1) The first major change was to the handlebars. Since I got the bike at the beginning of the year I've been using the track bars that came with it. They're cool and narrow, but not comfortable for anything over 30 minutes. Because of the curve of the tops, there's nowhere to rest your hands without gripping tightly. Out of nowhere, near the end of August, after a particularly long day of commuting, my arms were in such bad shape I couldn't even use the trackball for my computer. I stayed off the bike completely for a couple weeks; the arms got better but still aren't 100%. Nevertheless, the same week that happened, I decided to switch to bullhorns. So I stopped on my way home at Triathlete Zombies and bought the only bullhorns they had. I'm sure I overpaid, but they're wing-type bars and really, really comfortable. I wrapped them myself (as you can see by the terrible workmanship), and used gel inserts. Totally cush!













2) My next biggest issue was visibility at night. Drivers in L.A. seem to have gotten much worse since summer, and I've had some seriously life-threatening incidents at night, despite having what I thought was adequate lighting.

My first step was to find a good rear light that could mount on the seat stays just above the rear tire, since my seatpost was occupied by a mount-on bottle cage. Then I saw the Blackburn Mars 2.0 at my LBS and it was perfect -- the width of the light is what enabled me to mount it on the stays. Add to that a Cateye Sl-ld100 wrapped around the rear of my saddle rails, and a Knog Frog light just above the Blackburn, and I'm a rolling X-Mas tree.












3) For added measure, I've got Microflys on both valve stems (via Presta valve adapters). I don't think they make them anymore, but here's a link to Tireflys, which are motion sensitive and not as good as the Microflys.












4) The final illumination addition to my setup was an upgrade up front.
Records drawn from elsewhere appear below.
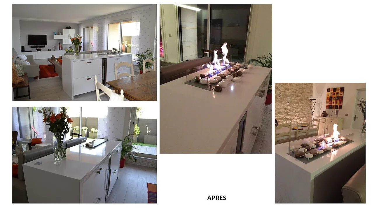 - Le meuble TV du séjour a été dessiné et fait sur mesure pour cet espace ainsi que le meuble cheminée.
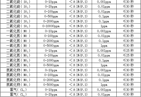 分 辨 率:0.01ppm或0.001ppm(0~10 ppm),0.01ppm(0~100 ppm),0.1ppm(0~1000 ppm),1ppm(0~1000 ppm以上),0.01毫克/升(0~200%毫克/升),0.1%LEL,0.01%,0.001%Vol
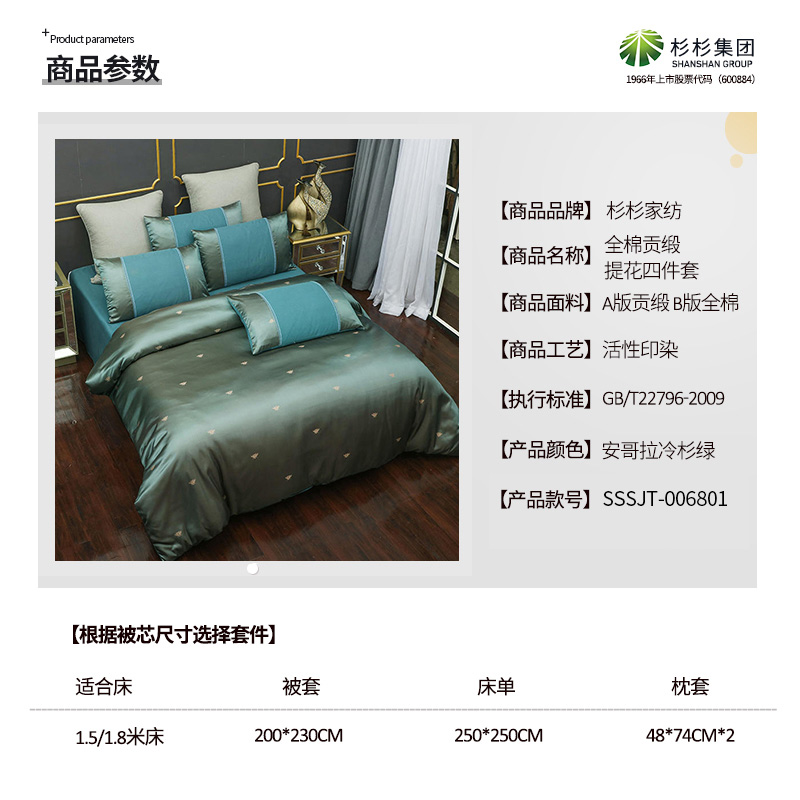 全棉贡缎提花四件套【全棉/安哥拉冷杉绿】 |
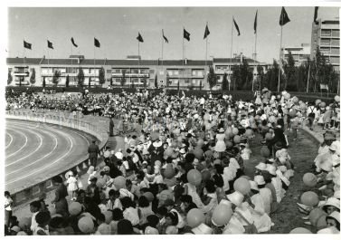 Observam-se vários grupos de crianças nas bancadas do estádio a assistir ao evento.

Even though I thought my Nite-Rider Trail Rat was super-bright, I noticed I wasn't getting much awareness from drivers. So I took a gamble and forked out mad cash for a Light & Motion ARC Li-ion. To give you an idea of how bright this light is: With the Trail Rat I kept the beam aimed toward the ground about 15 feet ahead of me so I could see where I was going, but when I ordered the L & M I decided the hell with it, I'm aiming it at the drivers. So I mounted the L & M, aimed it higher, and on my first ride discovered that it didn't matter how high I aimed it ... it lit up the _whole street!_ This is the best $450 I've ever spent on a bike, hands down. It freaks drivers out, to the point they just sit there, dumbfounded, and wait for me to pass, sometimes from more than a block away. The frame-mounted battery pack is amazingly light, btw, and the smart charger is a relevation.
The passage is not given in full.